Final proof will have to await other revised numbers that really shouldn’t be considered by anyone (because, for normal people, the absence or presence of a recession should entirely depend on the presence or absence of real economic growth), but that NBER nonetheless considers.



  1. Tom, as I have tried repeatedly to point out to you — to no avail, apparently — there’s more to a recession call than GDP. How you fail to grasp that is beyond me. I correctly forecast the NBER’s recession call here in November by simply looking at other metrics I know are important to them. GDP is only one of those metrics, and even that was goosed in Q2 by Bush’s ridiculous stimulus to nowhere. Please, I beg of you, stop with the GDP mantra.

    Comment by Invictus — December 26, 2008 @ 4:05 pm

  2. #1, Obviously your upper limit where you can still be in a recession with economic growth has now been benchmarked above 10%. Can you still be in a recession when growth is 20%? 30%? That’s obviously laughable to anyone who isn’t part of a group that has convinced itself that they’re oh so much smarter than everyone else.

    Unless the GDP numbers come down in revisions, the Dec. – June recession call is self-evident rubbish. If the numbers don’t change, they should have to back off to a double-dip at best of Dec.-Feb., followed by June or July through current.

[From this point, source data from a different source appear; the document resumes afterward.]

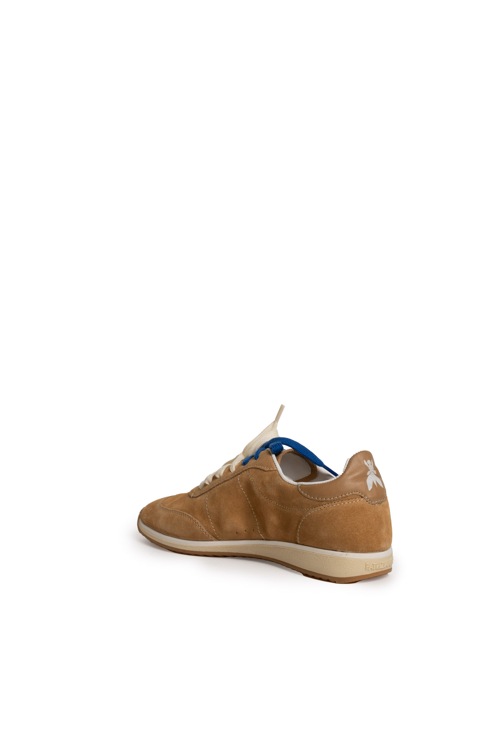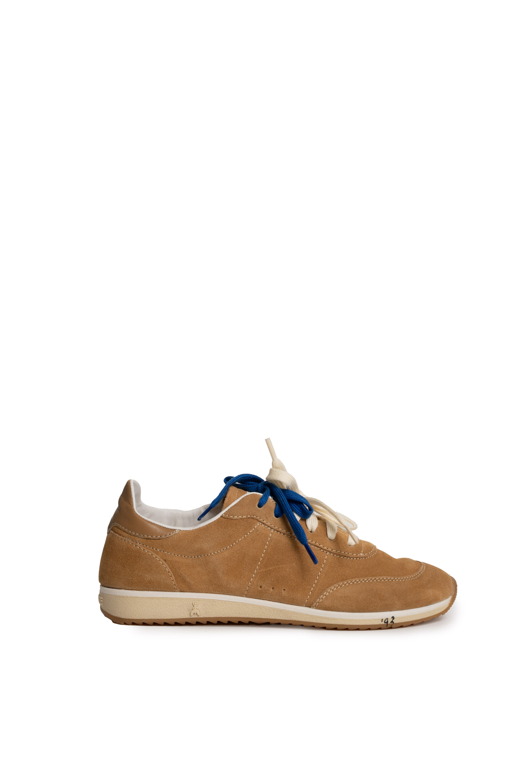 - Tomaia: In suede beige e cuciture tono su tono. Presentano doppio laccio in contrasto blu e bianco per un tocco dinamico.
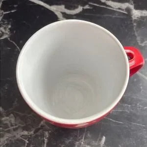 Enjoy your favorite beverage in this charming red mug adorned with white hearts. Perfect for adding a touch of love to your dining experience.
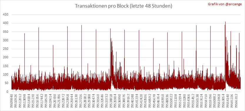 Diese Grafiken zeigen die Anzahl der Transaktionen pro Tag, die höchste Anzahl an Transaktionen pro Block, die durchschnittliche Anzahl an Transaktionen pro Block und die Anzahl der Transaktionen pro Block in den letzten 48 Stunden. Hier bekommt man eine Vorstellung von der gesamten Aktivität auf der Blockchain.
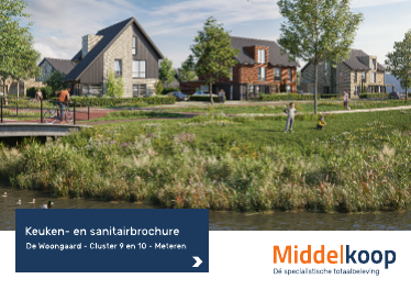 Gefeliciteerd met uw nieuwe woning in het project De Woongaard Cluster 9 en 10 te Meteren. Wij willen u, als één van de toekomstige bewoners van deze prachtige woningen, welkom heten in onze showroom. Maatwerk is voor Middelkoop een kernwoord, zo kunnen wij uw badkamer(s), toilet(en) en keuken geheel naar wens op maat maken. Sanitair en tegelwerk Uw toilet- en badkamer zijn meegenomen in de v.o.n. prijs van uw woning waarbij u zonder meerprijs een keuze kunt maken uit een aantal kleuren tegels. In de brochure zijn van enkele bouwnummers voorbeelden weergegeven van de toilet- en badkamer. Tijdens een persoonlijk adviesgesprek met een sanitairadviseur kunt u uw persoonlijke wensen uitgebreid bespreken, wij maken dan gelijk een 3D tekening van uw badkamer. Na uw akkoord zorgen wij dat de aannemer uw order en tekeningen ontvangt zodat de aannemer weet wat zij moeten maken. Keukeninrichting Als u bij Middelkoop de keuken aanschaft: Betaalt u geen coördinatiekosten aan de aannemer voor het maken van de nieuwe leidingtekeningen. Alle elektra basisaansluitingen worden binnen de keukenzone kosteloos verplaatst. Alle water en afvoer basisaansluitingen worden binnen de keukenzone kosteloos verplaatst. De vloerverwarming wordt kosteloos aangepast aan de keukencontouren. Al uw keukenwensen kunt u tijdens een persoonlijk adviesgesprek met onze keukenadviseur doornemen. Tijdens dit gesprek maakt de adviseur een 3D tekening in kleur welke u een helder beeld geeft van uw nieuwe keuken. Een aanbetaling is bij ons niet nodig. Na uw akkoord verzorgen wij het gehele vervolgtraject. De nieuwe leidingtekeningen versturen wij voor u naar de aannemer en controleren deze tijdens het bouwproces. Kortom, compleet ontzorgd! Disclaimer De artist impressions en foto’s in deze sanitair- en keukenbrochure zijn uitsluitend bedoeld om inzicht te geven en maken geen onderdeel uit van de contractstukken. Op de artist impressions aangegeven kozijnen/ramen/deuren zijn bij benadering getekend. Het meubilair en de apparatuur dienen alleen ter oriëntatie en is, tenzij anders aangegeven in de technische omschrijving, niet in de koopsom begrepen. De sanitair- en keukenbrochure behoort niet bij de aannemingsovereenkomst en daar kunnen geen rechten aan worden ontleend. Kortom, compleet ontzorgt! Alle rechten, druk– en zetfouten voorbehouden.
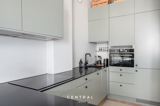 Keittiö on varustettu nykyaikaisilla laitteilla, kuten induktioliedellä, erillisuuni/micro ja kvartsikomposiittitasoilla.
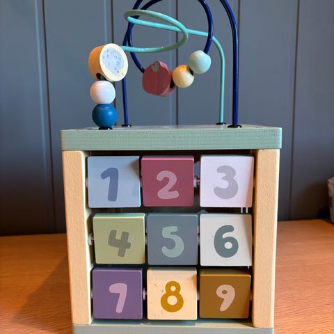Flott aktivitetskube i tre fra Trixie. Aktivitetsleken byr på fem artige og utfordrende aktiviteter som kulelabyrint, puslespill med dyr, kuleramme, og bevegelige tannhjul. Kulelabyrinten øverst kan snus opp ned, sånn at leken tar mindre plass når den ikke brukes. Med sine mange egenskaper, garanterer aktivitetskuben timevis med moro, samtidig som den fremmer romforståelse og finmotorikk.
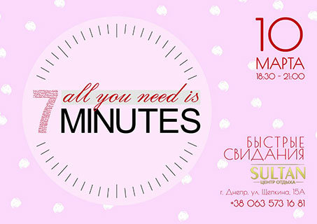 В современном мире найти свою вторую половинку очень не просто! Но это дилемма, которую в наших силах разрешить! Мы, компания «7 minutes», полны уверенности в правильности нашего выбора, который поможет объединить два сердца и заставит их биться в унисон! Решение гениально и просто: Speed Dating!

    Comment by TBlumer — December 26, 2008 @ 4:28 pm

  3. I beg you to look at metrics other than GDP and you…immediately go right back to GDP! It’s amazing. What about employment, industrial production, real income, sales, aggregate hours worked? You know, the other stuff that NBER looks at that I correctly pointed to in making my assessment? You are revealing yourself to be little more than a partisan ideologue who has no use for the facts, which told the story very clearly.

    Comment by Invictus — December 26, 2008 @ 4:38 pm

  4. When growth is 10% for two months and 6.4% for four, I don’t care what other info says. It doesn’t matter. It’s that simple. Recession is about the presence or absence of economic growth, period.

    Anyone asking me or the American people to entertain the idea of a non-stop recession through 6.4% and 10.2% growth is insulting my and our intelligence. That includes you, and that includes NBER. If growth comes down, NBER may ultimately be proven right. If it doesn’t, they’re wrong, and you’re wrong.


    Speaking of clear, what’s clear is that NBER shouldn’t have been allowed to become the official definer of a recession some 30 years ago. IMO that has turned out to be, ultimately, a partisan act. Only blind partisans would call 6.4% growth over 4 months “noise.”

    We were doing fine with the normal people definition, and should never have left it. I was willing to concede the possibility of modest growth (1% or so, tops) still containing a recession. I’m not willing concede any more than that.